Saviik stayed near the window of his study, watching water crawl down the glass in uneven lines. He did not feel grief at first—only the absence of instruction. Every hour had belonged to Rorik's voice; now time wandered without command.
On the morning of the pyre, he went to the courtyard before anyone else. The air was heavy with woodsmoke and the metallic scent of the rain-soaked logs. He touched the torch to the kindling, and flame took like breath, rising steady and straight despite the damp. He kept it still by will alone, the way Rorik had taught him: no excess, no spectacle, a fire that understood obedience.
Ylva stood a few paces behind, her veil unmoving. When she spoke, it was to the air. "He would have liked that. A fire that listens."
Saviik didn't answer. He watched until the wood sank into itself, until color left the ash. When he finally stepped back, the rain had begun again, small drops hissing as they found the embers.
---
That evening, the house tried to remember normalcy. Lamps were relit, servants moved with purpose, but the echo of footsteps in the corridors returned wrong, as if the stone were missing a note.
Xala found him by the lake where the garden path ended. She said nothing at first. He held a small piece of charcoal between his fingers—the last unburned fragment from the pyre.
"I kept this," he said.
"For what?"
"So I don't forget how silence sounds."
She stepped closer. "You don't have to hold it for that."
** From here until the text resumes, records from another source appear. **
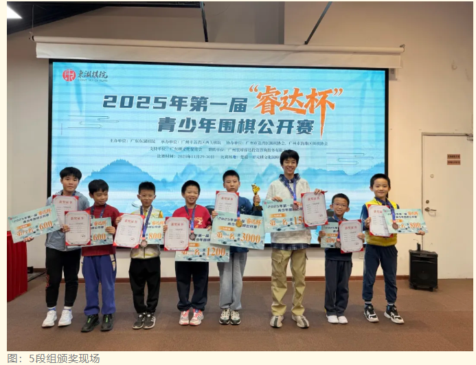 2025年第一届“睿达杯”青少年围棋公开赛已于11月30日圆满落幕。来自各地的3段至5段选手齐聚一堂,展开多轮激烈角逐。赛事汇聚众多青少年围棋高手,竞争氛围浓厚,尤其在水平最高的5段组别中,选手之间棋逢对手、胜负难分,展现出精湛的棋艺与顽强的竞技精神。
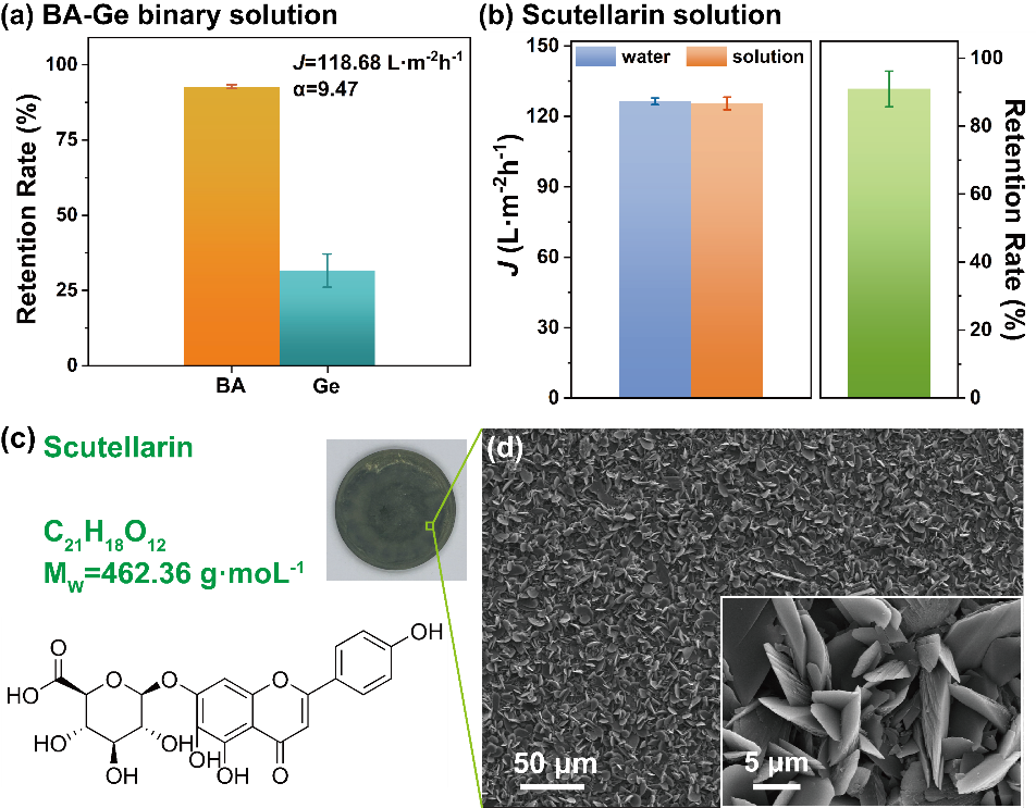 图3. H-C@AC 膜对黄芩苷和栀子苷的膜分离性能(a)和对结构相似的灯盏乙素的膜分离结果(b-d)
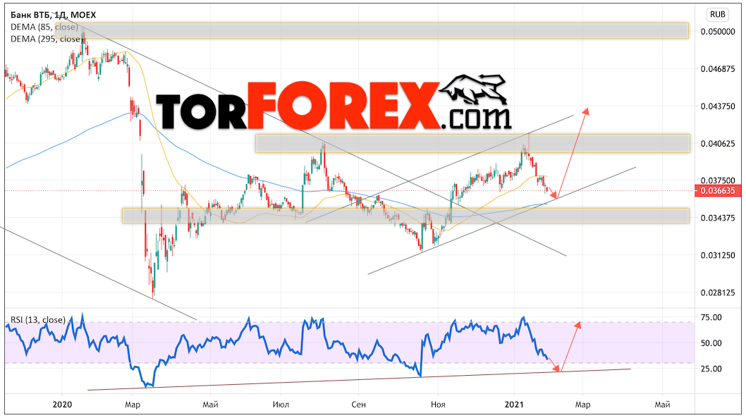 Котировки акций компании Газпром продолжает движение в рамках коррекции и начала отработки разворотной модели ”Двойное дно”, как правило, цены могут протестировать верхнюю границу данной модели перед продолжением подъёма. В момент публикации прогноза цена акций Газпром составляет 212.83. Скользящие средние указывают на наличие бычьей тенденции. Цены ушли вверх от области между сигнальными линиями, что указывает на давление со стороны покупателей актива. На данный момент стоит ожидать попытку снижения курса акций и тест уровня поддержки вблизи области 205.00. Затем отскок и начала роста стоимости акций в область выше уровня 240.00.
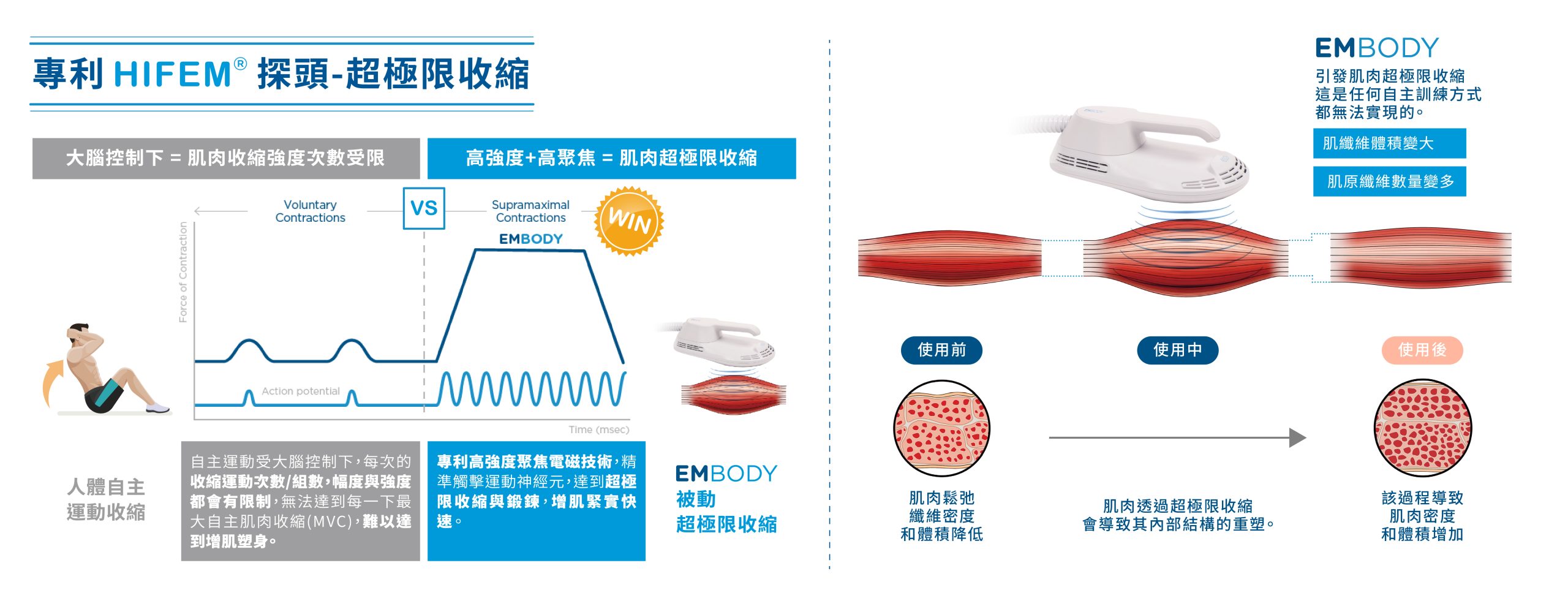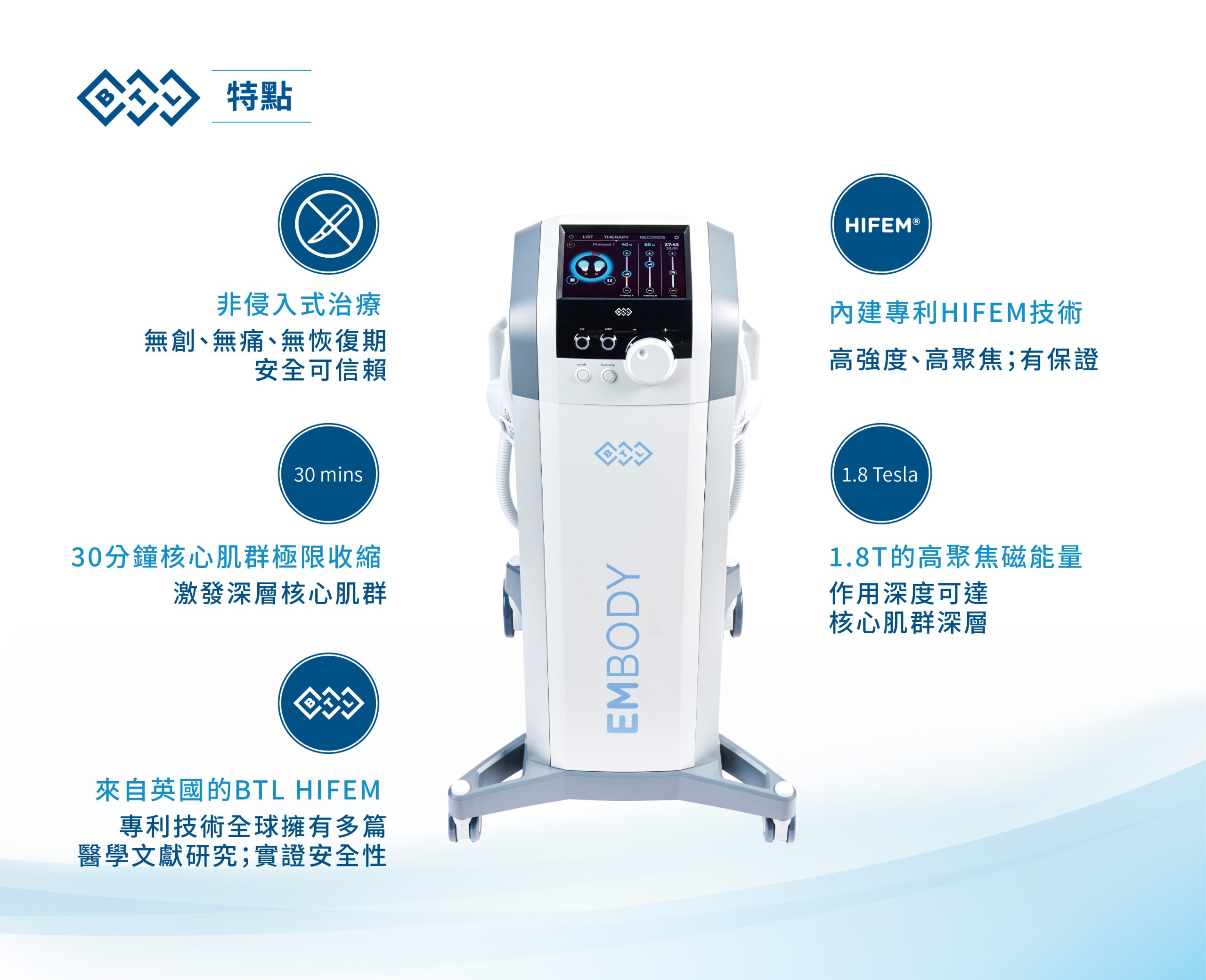 EMBODY 為英國 BTL 公司研發的非侵入式體雕儀器,採用專利 HIFEM® (High‐Intensity Focused Electromagnetic,高強度聚焦電磁) 技術,輸出穩定且強度高的磁場能量;這些能量可深入至深層肌肉(例如腹肌、臀肌等),誘發「被動肌肉收縮」,其強度與頻率遠高於一般自主運動能達到的水平。
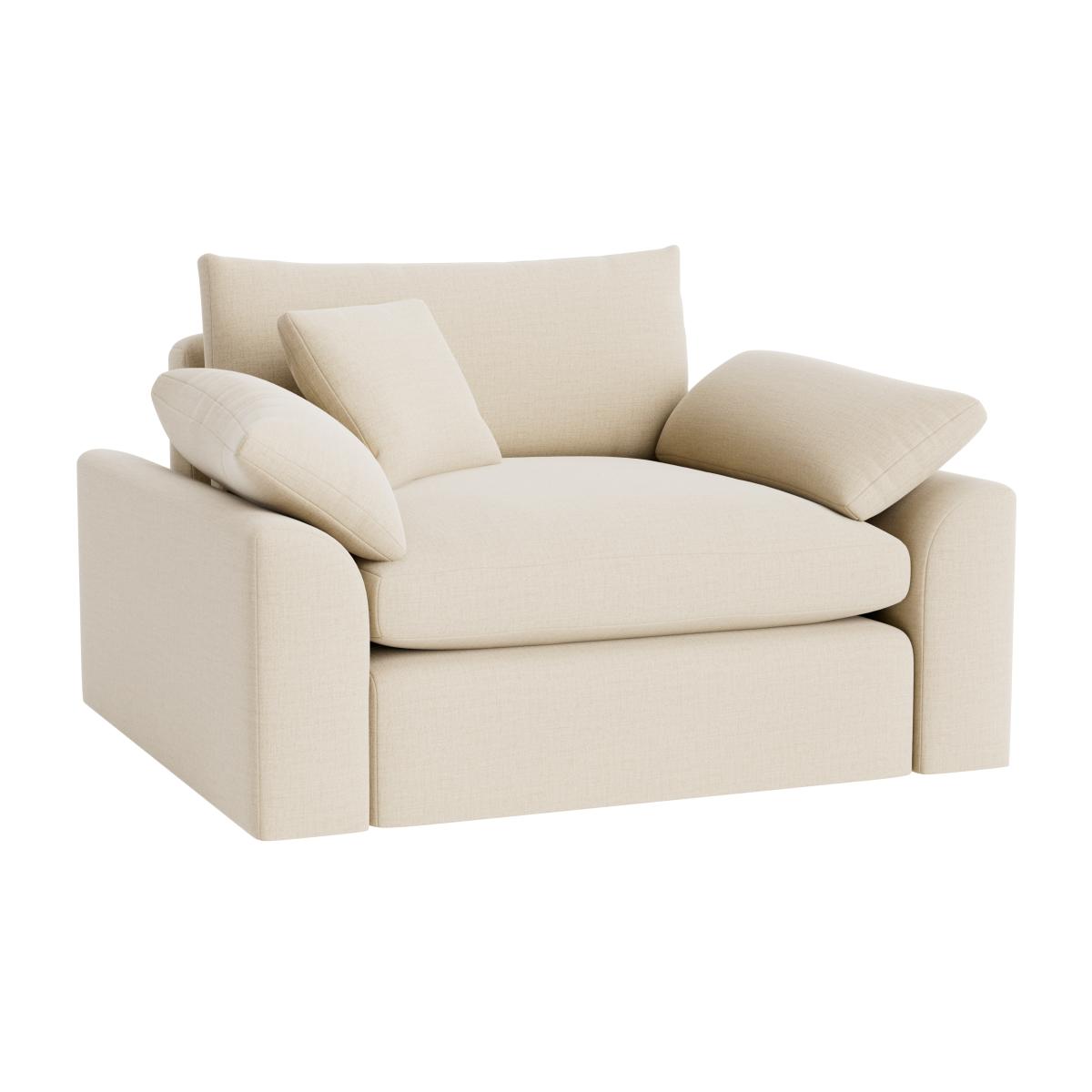 I love the cuddlemuffin love seat for its compact size and inviting design, making it perfect for smaller spaces or as a cosy secondary seating option. Its clean, neutral tone works well in modern, Scandi, or minimal interiors, adding a soft, understated touch. Practical styling tips include pairing it with textured cushions or throws in contrasting colours or patterns to introduce visual interest. It also works well teamed with a statement rug or alongside a simple coffee table to create an inviting, laid-back vibe. Its low-maintenance appearance makes it a versatile piece, ideal for both relaxed family rooms or stylish city flats.
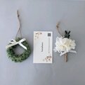 ミニリースとグリーン付ブーケは、白いリボンがかわいいです。
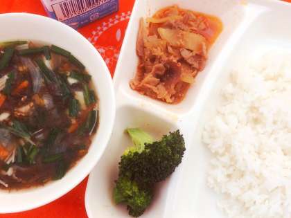献立のねらいは、「学校給食の献立をもとに、韓国・朝鮮料理風にアレンジし、他の国の食について考えるきかっけになればと思いました。」だそうです。

He looked at her; the reflection of the lake moved across her face, shifting between silver and shadow. "I can keep the fire still," he said quietly. "I just can't keep it warm."
She laid her hand over his. "Then let me."
They stood like that until the moon rose, turning the water to glass. When they finally went back toward the house, the air smelled of smoke and wet leaves, and the silence that followed them was no longer empty—it was simply full of what they carried.